- Leagues: B.League
- Founded: 1965; 61 years ago
- History: OSG OSG Higashimikawa Hamamatsu Higashimikawa Phoenix San-en NeoPhoenix
- Arena: Toyohashi City General Gymnasium
- Location: Toyohashi, Aichi
- Team colors: Red, White
- Head coach: Atsushi Ōno
- Championships: 3
- Retired numbers: 1 (3)
- Website: www.neophoenix.jp
| Home | Away | Third |

= San-en NeoPhoenix =

Professional basketball team in Hamamatsu, Shizuoka Prefecture, Japan

The San-en NeoPhoenix (三遠ネオフェニックス, San'en Neofenikkusu) are a Japanese professional basketball team based in the eastern Mikawa and Hamamatsu, Shizuoka Prefecture region of central Japan. The team competes in the B.League Premier, the highest division of the B.League, as a member of the Western Conference. The team plays its home games at Toyohashi City General Gymnasium.

== History ==
The team was founded in 1965, as the company team of the OSG Corporation, a Toyokawa-based machine parts manufacturer. It remained a local team in Aichi prefecture until 1995, when it first participated in the All-Japan Professional Basketball Championships. It joined the Japan Basketball League (JBL) in 1999, winning the Second Division championship in 2000.

“Higashimikawa” was added to the team name in 2007, when its home stadium was moved to Toyohashi. It ended the 2007 season in third place.

From 2008, the Higashimikawa Phoenix joined the new bj league, and the following year, “Hamamatsu” was added to the team name to emphasize the compound franchise among Toyohashi, Hamamatsu, and the surrounding districts and the team was legally registered as an independent corporation under the name of “Phoenix Communications”. The team signed the noted Chinese basketball star, Sun Mingming, in 2008.

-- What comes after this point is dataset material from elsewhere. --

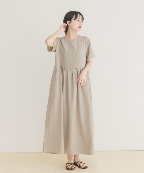 ナチュラルな風合いが魅力のリネンライク半袖ワンピース。ウエストギャザー入りでふんわりと立体感のあるシルエットながら、締め付け感がなく、ゆったりとした着心地が魅力です。シンプルなデザインで、スニーカーやサンダルと合わせてカジュアルに、パンプスやアクセサリーをプラスすればきれいめスタイルにも◎さらに、イージーケア・吸水速乾・接触冷感・UVカット機能付きで、暑い日のお出かけや旅行にもぴったり。着るだけでおしゃれが決まる、夏に頼れる一枚です。
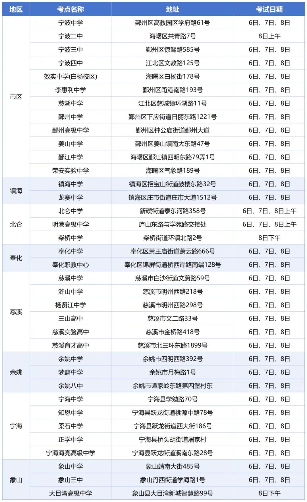 考试地址:鄞州区甬港南路193号

In July 2015, the team announced its participation in the inaugural season of Japan's professional basketball league which debuted in 2016, competing in the first division. Prior to joining the league, the club accordingly changed its name to "San-en NeoPhoenix", and began playing their home games in Toyohashi.

== Honours ==
- League champions: 3
  - 2009
  - 2010
  - 2015

==Notable players==
To appear in this section a player must have either:
- Set a club record or won an individual award as a professional player.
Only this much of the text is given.